С той минуты совсем не стало спокою Якову. И без того хлопот полон рот. Как дурной совсем стал — сидит у окошка, как минутка выпадет, так думает, что бы такое сделать, чтобы целым остаться. А тут углан вьется и вьется вокруг.
— Батя, сделай мне вертушку, чтоб крутилась. Бать, ну сделай! Вона, у Миньки есть, у Ваньши тоже отец наладил. Да такие баскущие.
Злость на Якова как волной нахлынула.
— Пошел ты к лешему, Сенька! И без тебя тошнехонько.
Сказал и дальше задумался. А ближе к ночи хватились — нет Сеньки нигде. Стали спрашивать у угланов. Они говорят: мол, Сенька к лесу пошел, но без лукошка, без силков. И все, говорят, молчком да молчком. Они уж его окликали, а Сенька не отзывался. Тут Якова как громом поразило — сам же парня к лешему отправил.
— Моя вина в этом. Сам же родное дитя со злости и отдал! Как же жить мне теперь на белом свете, как людям в глаза смотреть?
А Карпа его утешает. Есть, вишь, время такое в сутках, когда дитя свое можно лешему неосторожным словом отдать. Вот в такое время, видать, Яков и обмолвился. А леший тут как тут — он под окошком укарауливал, Якова за язык тянул. Так и увел углана.
Карпа велел Якову подношение собрать лешему и отнести на пенек на той самой поляне, где он его верхом на корове встретил.

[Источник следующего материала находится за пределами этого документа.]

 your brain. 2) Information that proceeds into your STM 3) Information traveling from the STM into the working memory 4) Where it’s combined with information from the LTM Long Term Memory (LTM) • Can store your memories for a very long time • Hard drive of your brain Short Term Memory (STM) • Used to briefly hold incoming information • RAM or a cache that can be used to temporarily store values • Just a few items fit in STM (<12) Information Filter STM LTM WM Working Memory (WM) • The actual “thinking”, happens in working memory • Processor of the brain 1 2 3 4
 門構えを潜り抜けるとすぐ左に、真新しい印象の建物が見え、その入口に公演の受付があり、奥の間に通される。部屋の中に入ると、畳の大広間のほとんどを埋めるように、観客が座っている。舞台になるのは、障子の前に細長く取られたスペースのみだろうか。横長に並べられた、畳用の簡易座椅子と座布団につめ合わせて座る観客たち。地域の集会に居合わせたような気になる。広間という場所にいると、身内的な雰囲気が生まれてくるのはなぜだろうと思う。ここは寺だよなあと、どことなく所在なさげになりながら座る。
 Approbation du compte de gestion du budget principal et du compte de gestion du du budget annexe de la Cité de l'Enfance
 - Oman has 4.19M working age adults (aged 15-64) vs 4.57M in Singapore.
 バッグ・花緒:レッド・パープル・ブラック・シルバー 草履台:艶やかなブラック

Взял Яков четверть вина, осьмушку табака, краюху хлеба, в тряпицу красную атласную завернул и отправился. Пока шел, все передумал — сердце изнылось по сыну да по Наталье, от нее к тому времени уж давно вестей не было. Оставил подношение на пеньке — тряпицу расстелил и разложил все на ней, как Карпа учил. И стало ему любопытно, что дальше будет, вот и спрятался в кустах. Ровно в полночь пришел давешний мужичок в армяке и шапчонке, обнюхал все, обследовал да угощенье на траву и вывалил. Потом на пенек уселся, достал сучок изогнутый из кисету — вроде как трубка, мохом сухим ее набил — сидит курит. А сам глазом на четверть все косит да косит — уж больно охота. Но только прикоснулся, приходит средний брательник, за шиворот хватает и в чащу утягивает. Понял Яков, что угощение у него не берут, не хотят парня возвращать. Вернулся вновь к Карпе.
— Не приняли они подношения, Карпуша. Что же дале делать мне? Есть надежда, нет ли?

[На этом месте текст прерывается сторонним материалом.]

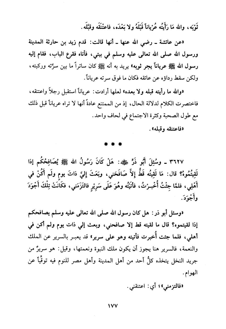 "عن عائشة - رضي الله عنها - أنها قالت: قدم زيد بن حارثة المدينة ورسول الله صلى الله تعالى عليه وسلم في بيتي، فأتاه فقرع الباب، فقام إليه رسول الله صلى الله عليه وسلم عرياناً يجر ثوبه" يريد به أنه - صلى الله عليه وسلم - كان ساتراً ما بين سرَّته وركبته، ولكن سقط رداؤه عن عاتقه فكان ما فوق سرته عرياناً.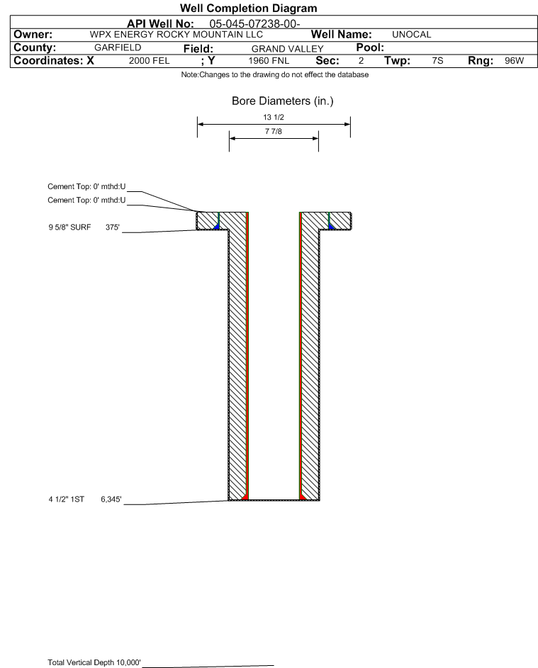 | Wellbore Completed | | Completion Date: | 3/31/1998 | | Measured TD: | 6360 ft. | Measured PB depth: | 0 ft. | | True Vertical TD: | 0 ft. | True Vertical PB depth: | | | Casing: | String Type: SURF, Hole Size: 13.5 in., Size: 9.625 in., Top: 0 ft., Depth: 375 ft., Weight: , Citings Type: HISTORICAL | | Cement: | Sacks: 375, Top: 0 ft., Bottom: , Determination Method: | | Casing: | String Type: 1ST, Hole Size: 7.875 in., Size: 4.5 in., Top: 0 ft., Depth: 6345 ft., Weight: , Citings Type: HISTORICAL | | Cement: | Sacks: 0, Top: 0 ft., Bottom: , Determination Method: | | Formation | Interval Top | Log Bottom | Cored | DSTs | | MESAVERDE | 3258 ft. | | | | | CAMEO COAL | 5756 ft. | | | | | ROLLINS | 6269 ft. | | | |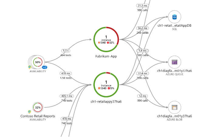 Application Map gives a live, visual view of your application and all the components it depends on.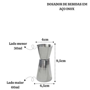 Informações Técnicas: Composição: Inox. Capacidade: 30/60ml Altura:9,5cm. Diâmetro do dosador maior: 4,5cm Diâmetro do dosador menor: 4,0cm. Peso:39gramas. Validade: Indeterminada.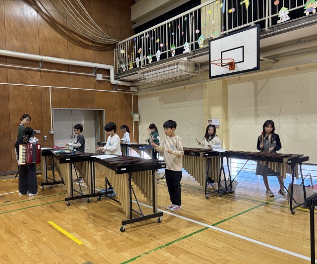 学年合同で、パートごとに顔合わせをして、リズムに合わせて演奏を

— Надеждой живи, Яков, она да терпение все в жизни человека перемелют, перетрут. Сам леший теперь тебе знак должен подать, что с парнем будет.

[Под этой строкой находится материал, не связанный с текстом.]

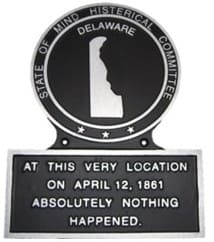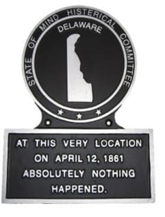The raised wording around the top of the plaque reads, "STATE OF MIND HISTERICAL COMMITTEE". The center has a raised outline of the state and the name of the state. On the bottom of the plaque it reads, "AT THIS VERY LOCATION ON APRIL 12, 1861 ABSOLUTELY NOTHING HAPPENED".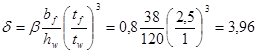 Проверка показала, что устойчивость стенки обеспечена и постановка ребер жесткости на расстоянии а=276,9≥2hw=2*120=240 см возможна.
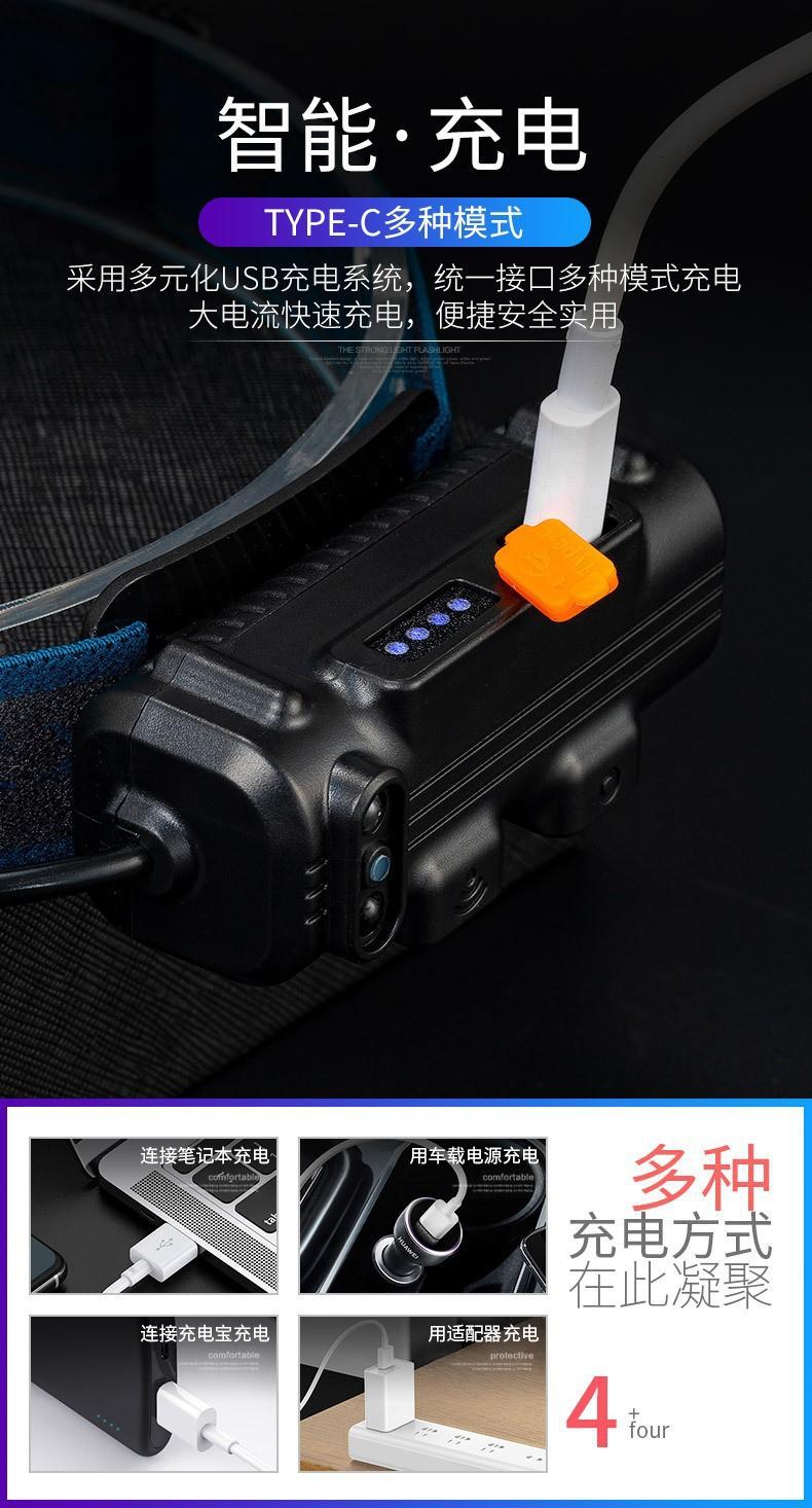 Nuevo faro de inducción COB para exteriores, luz de inundación transfronteriza, tipo C, carga para pesca al aire libre, luz LED potente, faro de trabajo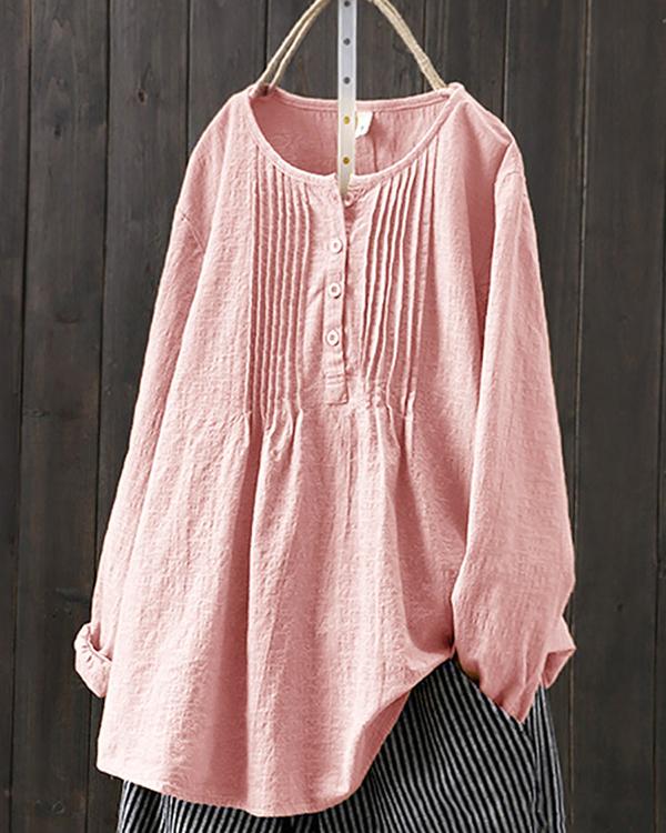 Elegant Button Pure Color Round neck Linen Pleated Dress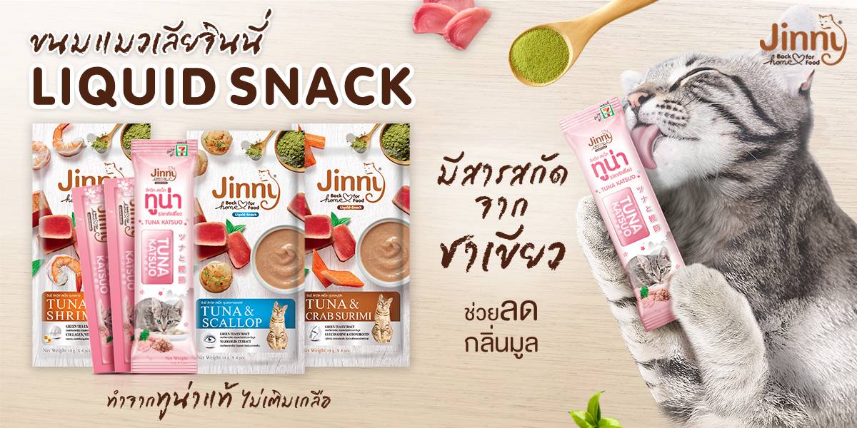 Jinny ขนมแมวเลีย รสทูน่าและปลาโอ (1 แพ็ก 6 ชิ้น)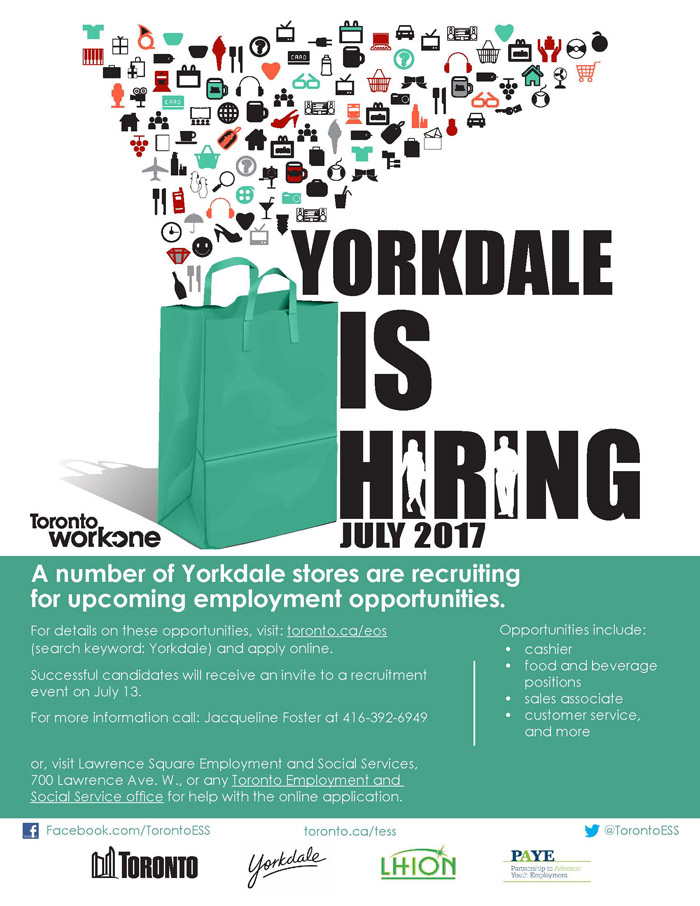 1、这些工作机会需要提前注册申请,请到www.toronto.ca/eos,在最下方的Keyword Search那里,输入yorkdale,就可以查询到所有yorkdale提供的工作,点击后就可以在线申请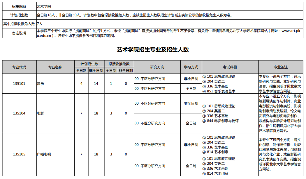 北大考研辅导班:北京大学2021年艺术学院硕士研究生招生专业目录及招生人数公布

Так оно и случилось. И дня не прошло, бегут с реки бабы, которые белье мыли.
— Яков, Яков, бежи шибче на речку! Там Сенька твой в колодине приплыл с верхов!
— Да живой ли он, бабы?
— Ой, Яшенька, страшную весть тебе принесли. Не дышит, не шевелится парень.
Кинулся Яков на берег. И верно — из реки гробик вынесен, вода с боков еще не скатилась. А в колодине Сенька вытянулся, задеревенел он весь уже. Только подумал так Яков, внутри у него голос Наташин шепнул:
— А он и есть деревянный. Тебе его леший назло подбросил, а живого прячет у себя в зимовье.
Схватил Яков топор — в щепки куклу изрубил. А тут и Карпа на берег приходит.
— Правильно, — говорит, — Яшенька, делаешь! Не давай лешему себя за нос водить. Упорный будешь — Сеньку живого домой вернешь!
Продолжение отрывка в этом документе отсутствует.